AIM OF THE EXERCISE ->
From top to bottom, write out the listing exactly and skip every picture.

DATA ->

-----

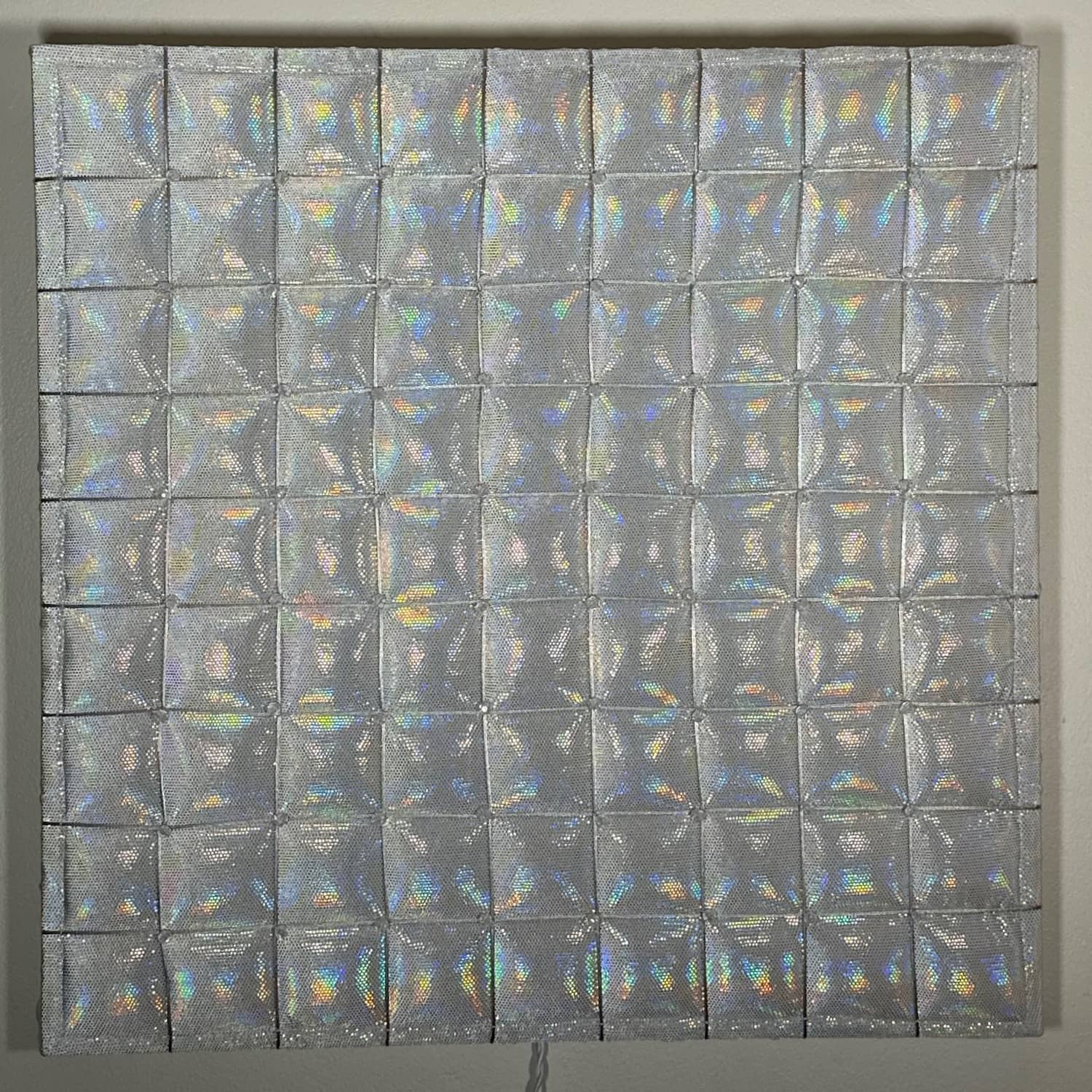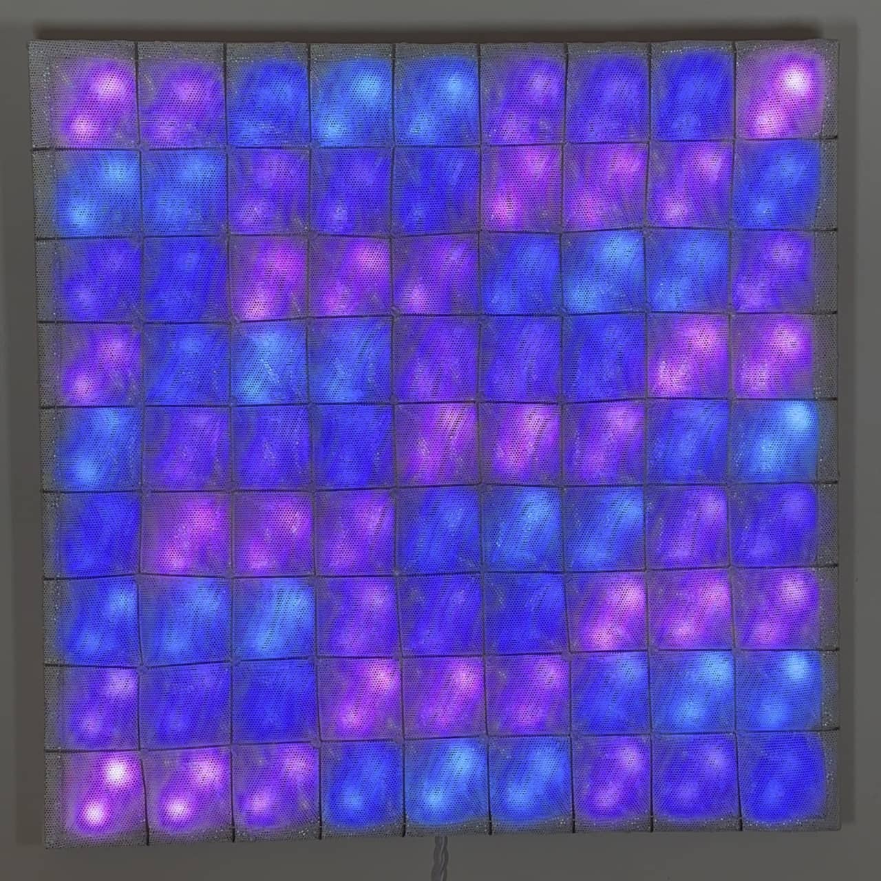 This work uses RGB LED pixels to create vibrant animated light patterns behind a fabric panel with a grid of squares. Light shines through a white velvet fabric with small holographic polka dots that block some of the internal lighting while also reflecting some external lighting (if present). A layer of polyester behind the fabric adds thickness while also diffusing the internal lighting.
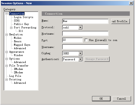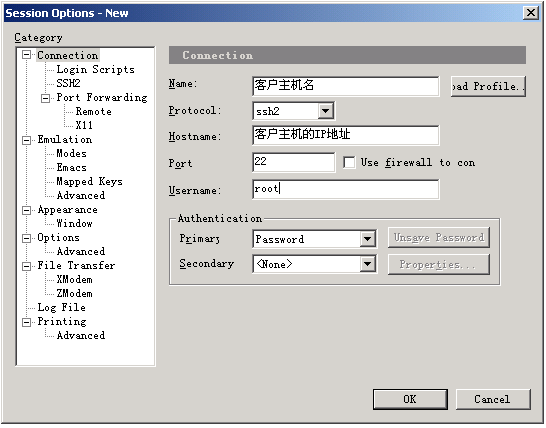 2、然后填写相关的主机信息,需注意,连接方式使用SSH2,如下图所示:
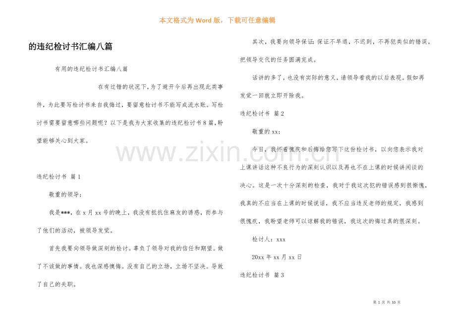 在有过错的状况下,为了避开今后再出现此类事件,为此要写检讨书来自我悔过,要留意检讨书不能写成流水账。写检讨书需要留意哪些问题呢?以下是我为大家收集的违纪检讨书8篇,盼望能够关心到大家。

-----

EXERCISE ANSWER ->
 This work uses RGB LED pixels to create vibrant animated light patterns behind a fabric panel with a grid of squares. Light shines through a white velvet fabric with small holographic polka dots that block some of the internal lighting while also reflecting some external lighting (if present). A layer of polyester behind the fabric adds thickness while also diffusing the internal lighting.
 2、然后填写相关的主机信息,需注意,连接方式使用SSH2,如下图所示:
 在有过错的状况下,为了避开今后再出现此类事件,为此要写检讨书来自我悔过,要留意检讨书不能写成流水账。写检讨书需要留意哪些问题呢?以下是我为大家收集的违纪检讨书8篇,盼望能够关心到大家。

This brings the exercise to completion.